Leaflet: information for the user

Naramig 2.5 mg film-coated tablets

Naratriptan

Read this leaflet carefully before you start taking this medicine, because it contains important information for you.

• Keep this leaflet, as you may need to read it again.
• If you have any questions, ask your doctor or pharmacist.
• This medicine has been prescribed for you only, and you must not give it to others even if they have the same symptoms as you, as it may harm them.
• If you experience any side effects, consult your doctor or pharmacist, even if they are not listed in this leaflet. See section 4.

The Naramig tablets contain naratriptan (hydrochloride), which belongs to a group of medicines called triptans (also known as 5-HT1 receptor agonists).

Naramig tablets are used for the treatment of headache that occurs in migraine.

The symptoms of migraine may be due to temporary dilation of blood vessels inlthe head. It is believed that Naramig reduces the dilation of these blood vessels, which helps to eliminate the headache andalleviate other symptoms of migraine, such as nausea and vomiting and sensitivity to light andal sound.

Do not take Naramig:

• If you are allergicto naratriptán or to any of the other components of this medication (listed in section 6).
• If you have any heart problems, such as narrowing of the arteries (ischemic cardiopathy) or chest pain (angina), or have had a previous heart attack.
• If you have circulatory problems in your legsthat cause cramp-like pains when walking (peripheral vascular disease).
• If you have had a strokeor a mini-stroke (also known asischemic transient attackorITA).
• If you have high blood pressure.Naramig may be taken if you have mild hypertension and are being treated.
• If you have severe kidney or liver problems.
• If you are taking other migraine medications, including those containing ergotamine, or similar medications such as metisergida, or with triptans or 5-HT1receptor agonists.

If you are in any of these situations:

→Inform your doctor and do not take Naramig.

Warnings and precautions

Consult your doctor or pharmacist before starting to take Naramig.

If you have any risk factors:

• If you area smokeror are usingnicotine replacement therapy, and especially
• In the case ofmen over 40 years old,or
• In the case ofpostmenopausal women.

In very rare cases, people have experienced severe cardiac alterations after taking Naramig, although they had no history of heart disease.

If you are in any of the above situations, you may be at a higher risk of heart disease. Therefore:

→Inform your doctor so that your cardiac function can be reviewedbefore starting treatment with Naramig.

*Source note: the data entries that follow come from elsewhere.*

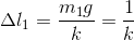 Một vật treo vào lò xo có khối lượng không đáng kể, chiều dài tự nhiên l0, độ cứng k, treo thẳng đứng vào vật m1 = 100g vào lò xo thì chiều dài của nó là 31 cm. treo thêm vật m2 = 100g vào lò xo thì chiều dài của lò xo là 32cm. Cho g = 10 m/s2, độ cứng của lò xo là: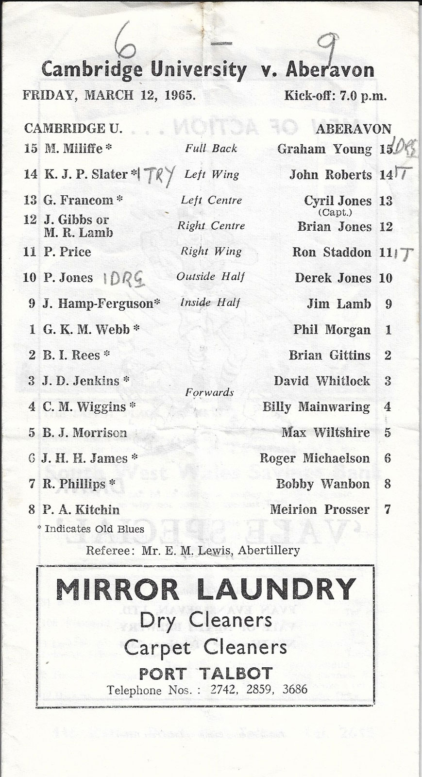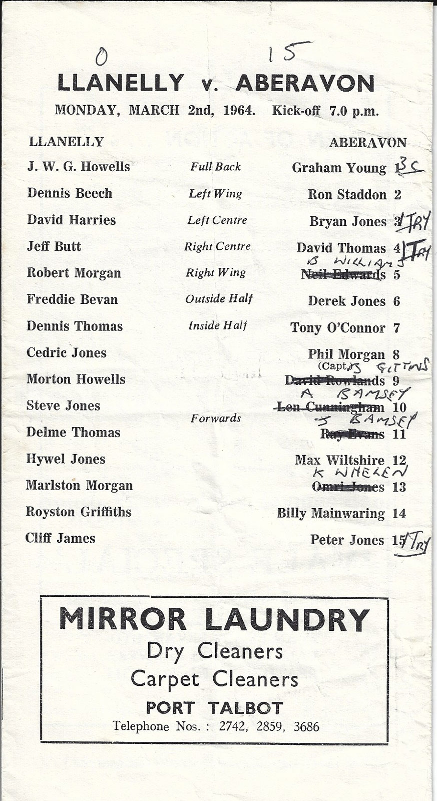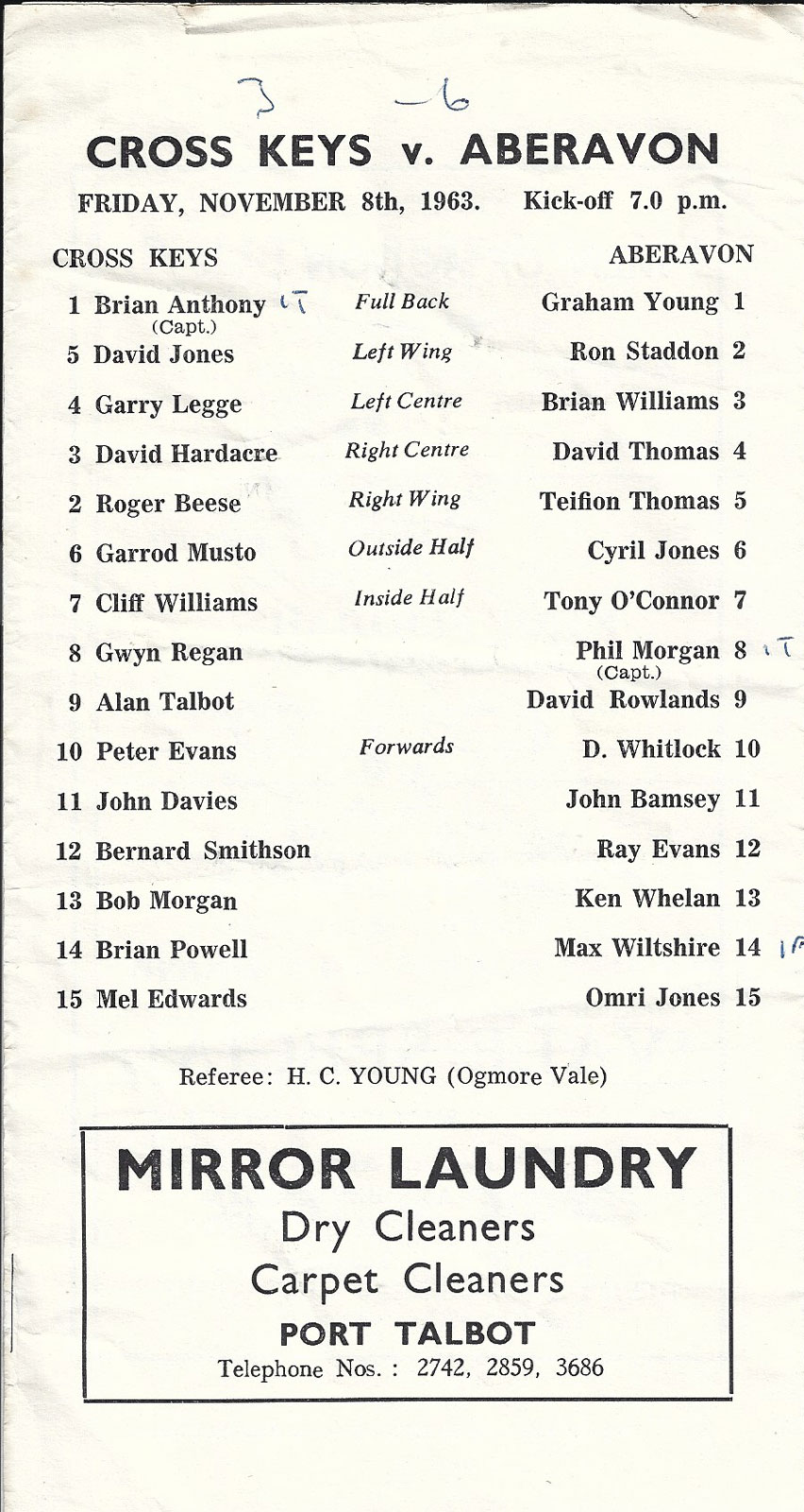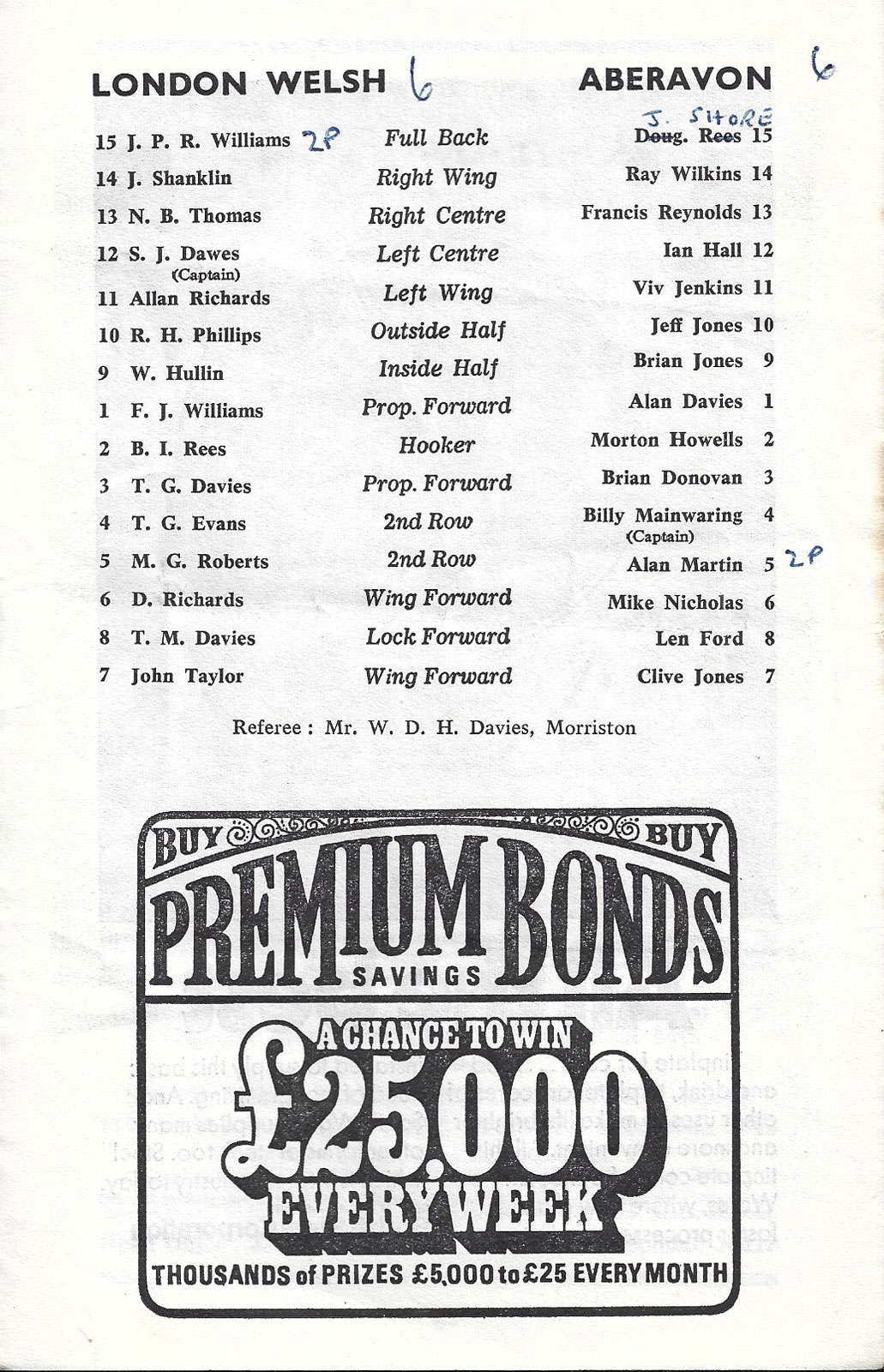 Aberavon v Neath | 28 Feb 1959 | Aberavon | 3-6 | good - folding creases, a little
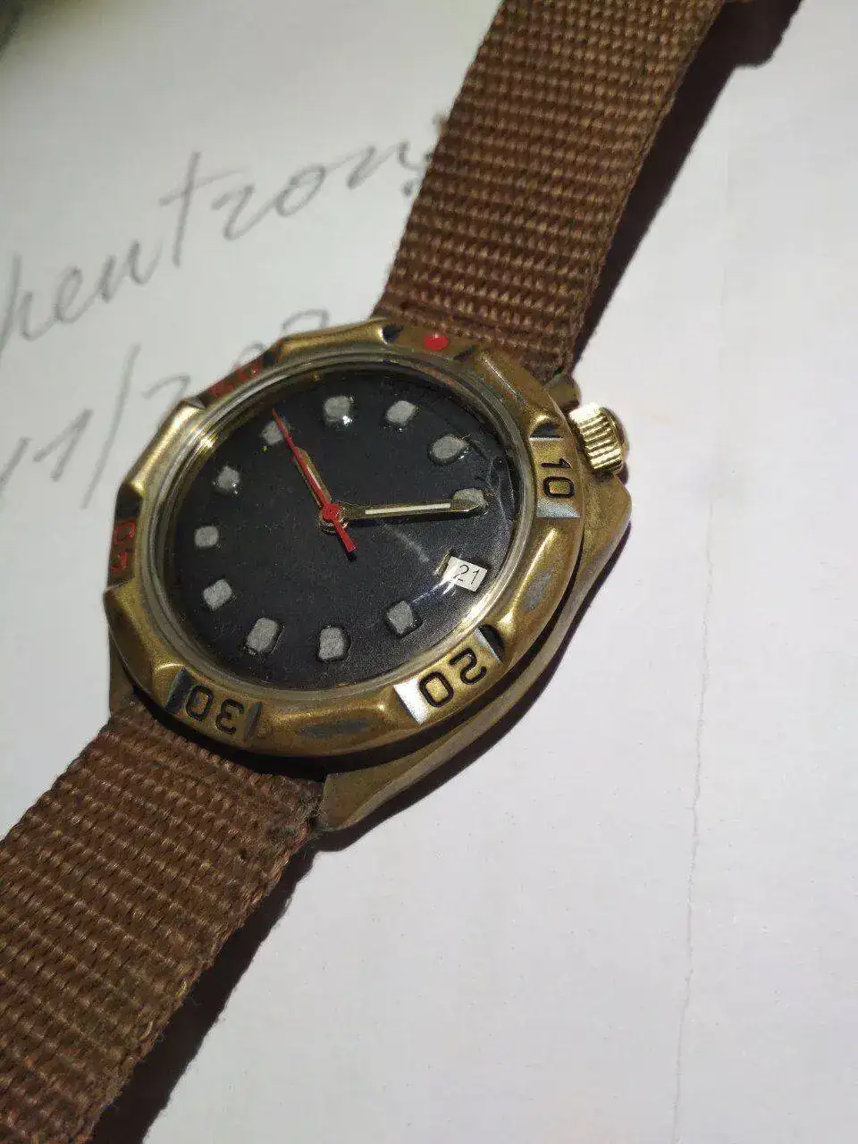 Por no usarlo, pongo a la venta este komandirskie. Ha sido envejecido artificialmente para mostrar el laton de su caja en crudo y trabajado a lima su caja para eliminarle sus cuernos originales. El dial purpurina original ha sido pintado de negro. Sus indices recubiertos de material luminiscente no son un ejemplo de profesionalidad pero creo que en esta personalizacion no desmerece, manecillas son las originales. Cuando lo compré el fabricante ponia que la estanqueidad es de 50m, pero ahora pone 30 metros. Yo lo he probado y no le entra agua. El plexi tiene una pequeña aberracion optica a las 2. El movimiento esta bastante ajustado, sino recuerdo mal andaba sobre +5 s/dia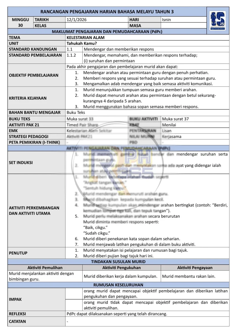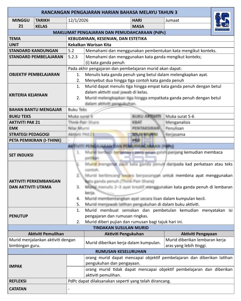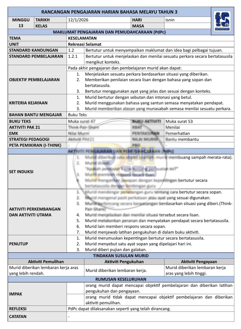 "Menepati penulisan RPH PAK 21. Lengkap mudah utk dilaksanakan. Sgt berpuas hati. "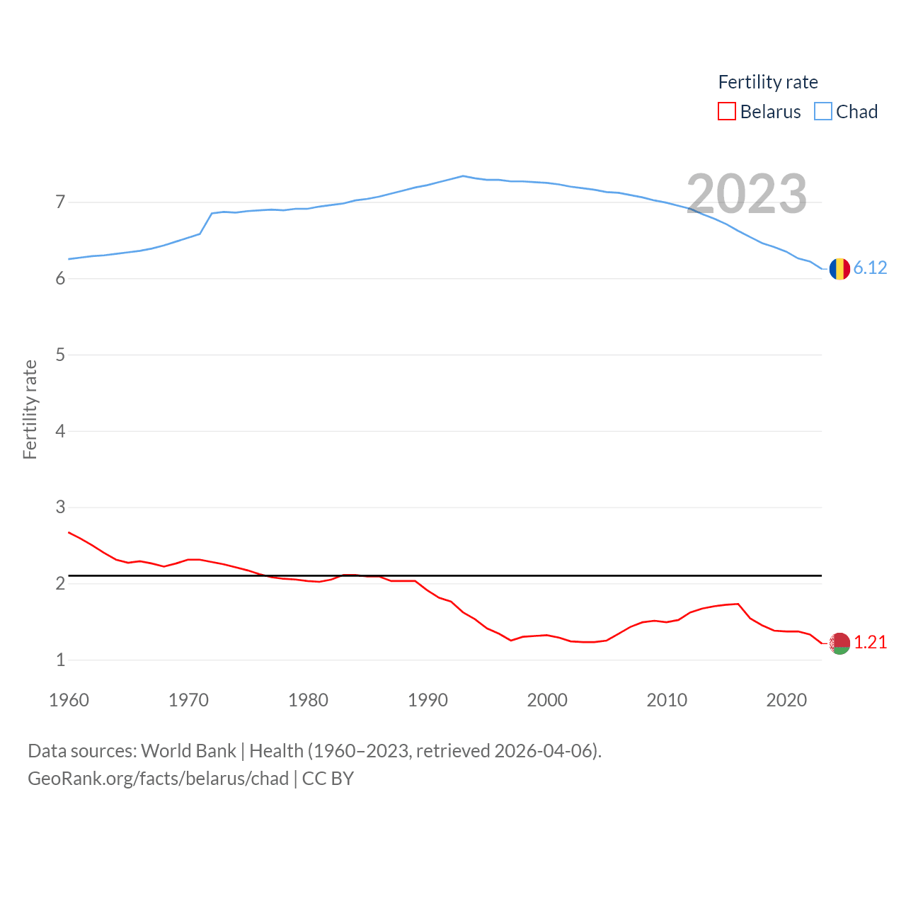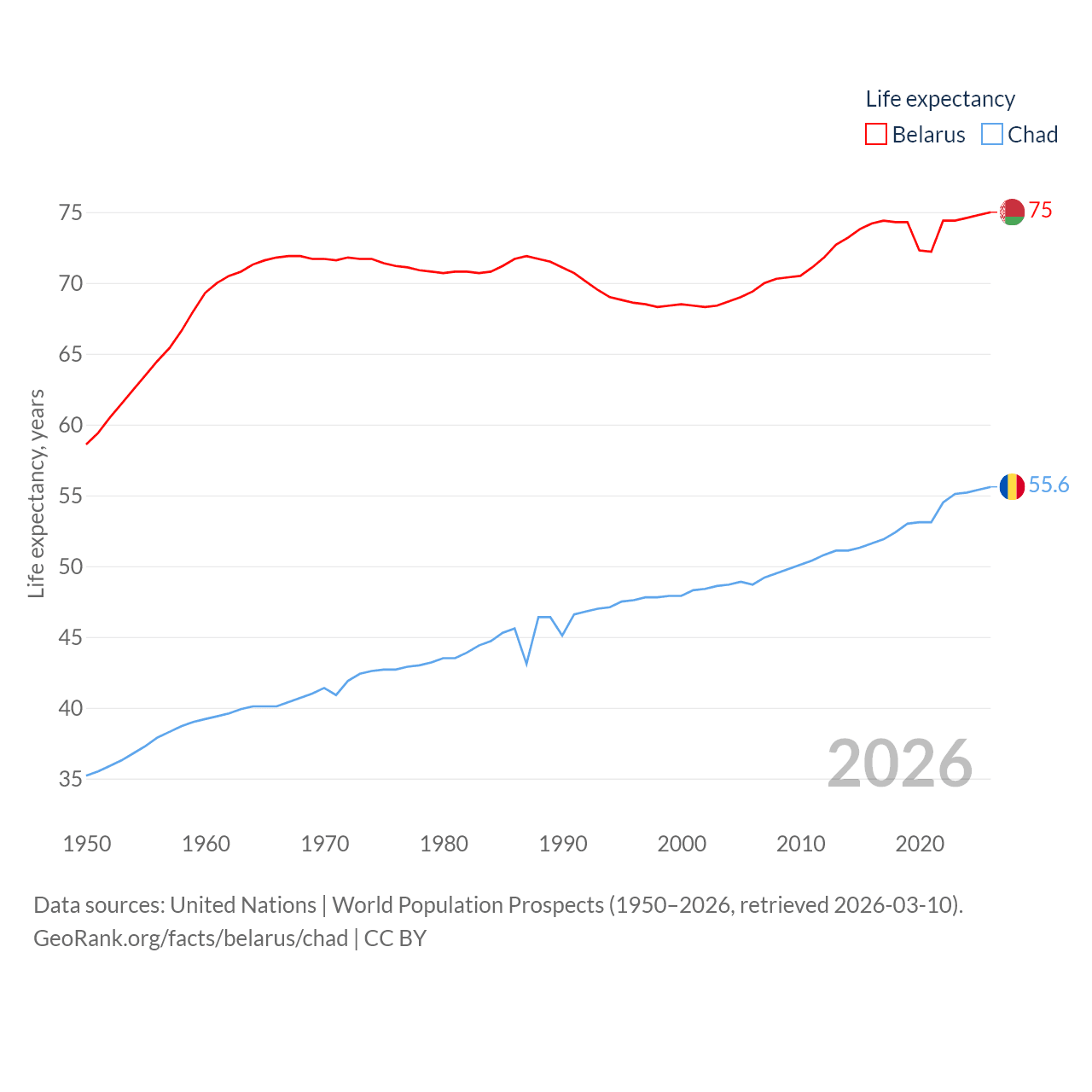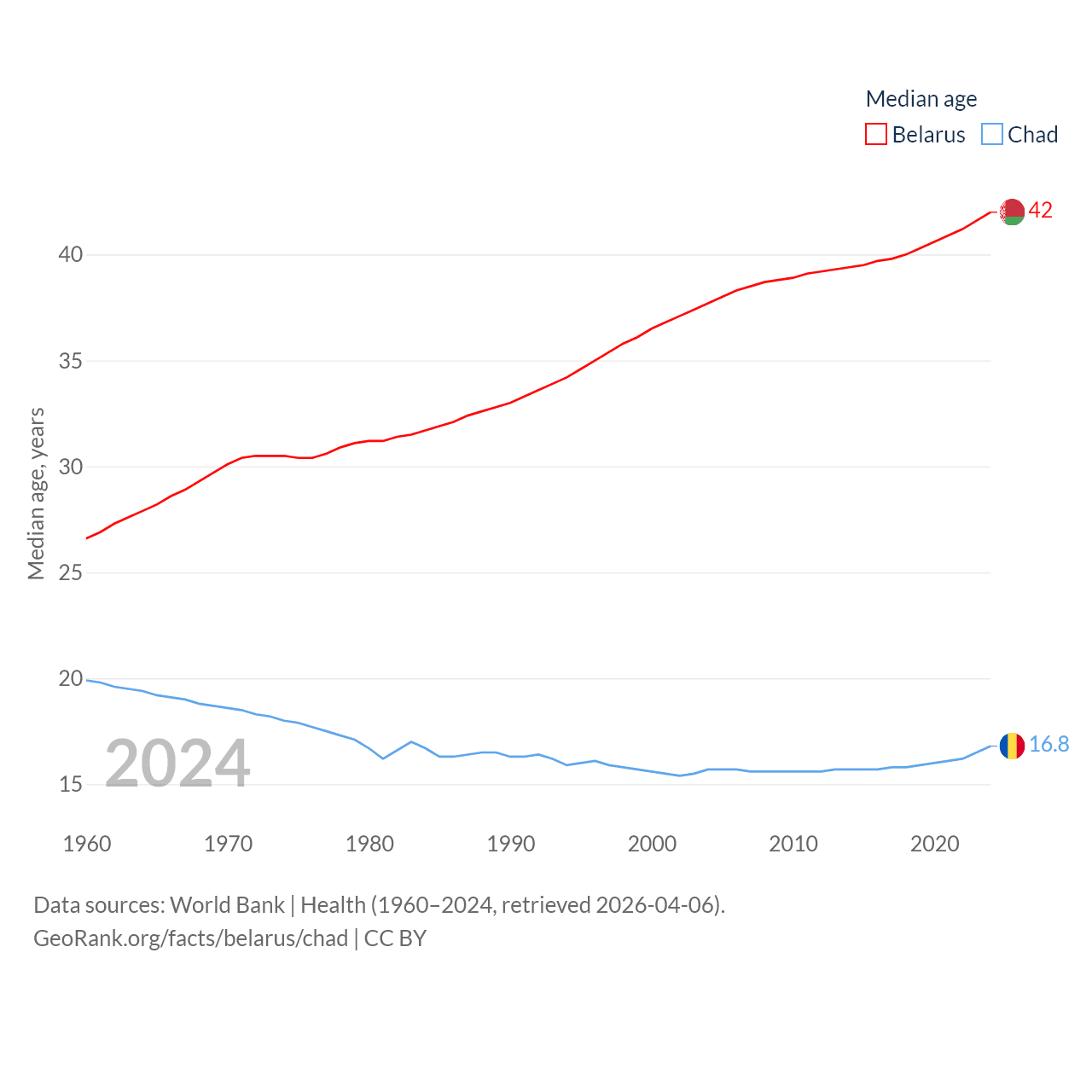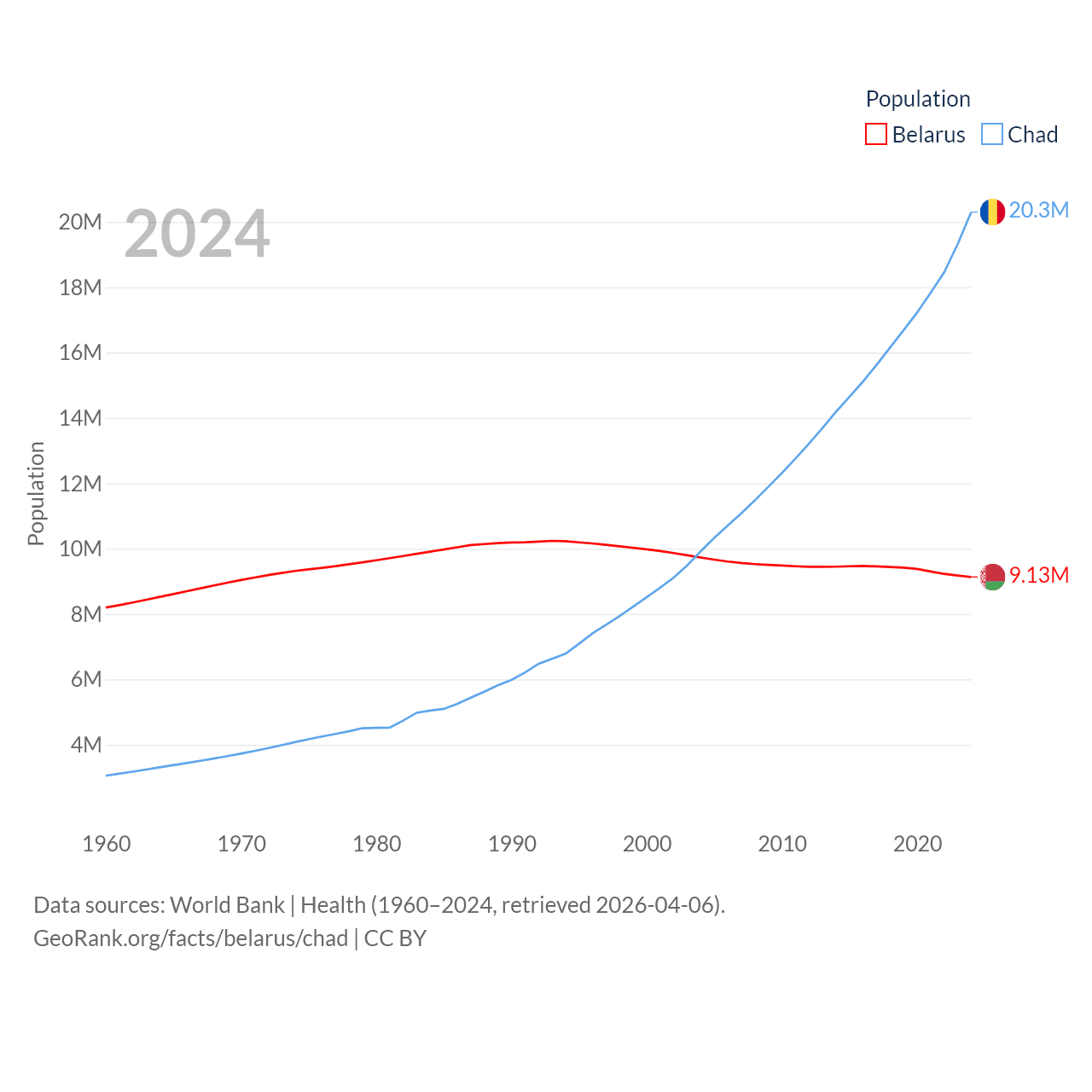 Belarus has a population of 9.13M (ranked 100/197), compared with 20.3M in Chad (ranked 65/197). Belarus' land area is 78,372 sq mi versus 486,180 sq mi for Chad (ranked 83rd vs. 21st).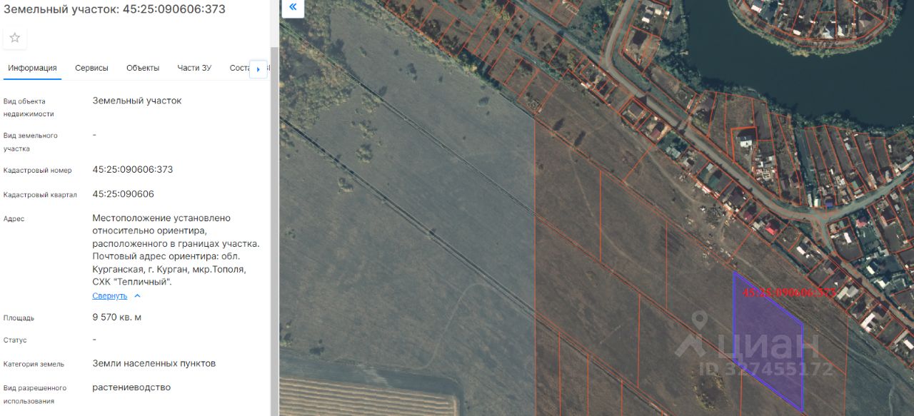 земельный участок с кадастровым номером 45:25:090606:373, площадью 9570 кв. м, с разрешенным использованием - растениеводство, расположенный по адресу: г. Курган, мкр. Тополя, СХК "Тепличный"

If you are allergic to sulfonamide antibiotics

If so,you may also be allergic to Naramig. If you are allergic to an antibiotic but are not sure if it is a sulfonamide:

→Inform your doctor or pharmacist before starting to take Naramig.

If you take Naramig frequently

Taking Naramig too frequently may worsen your headaches.

→Inform your doctorif you are in this situation.Your doctor may recommend that you stop taking Naramig.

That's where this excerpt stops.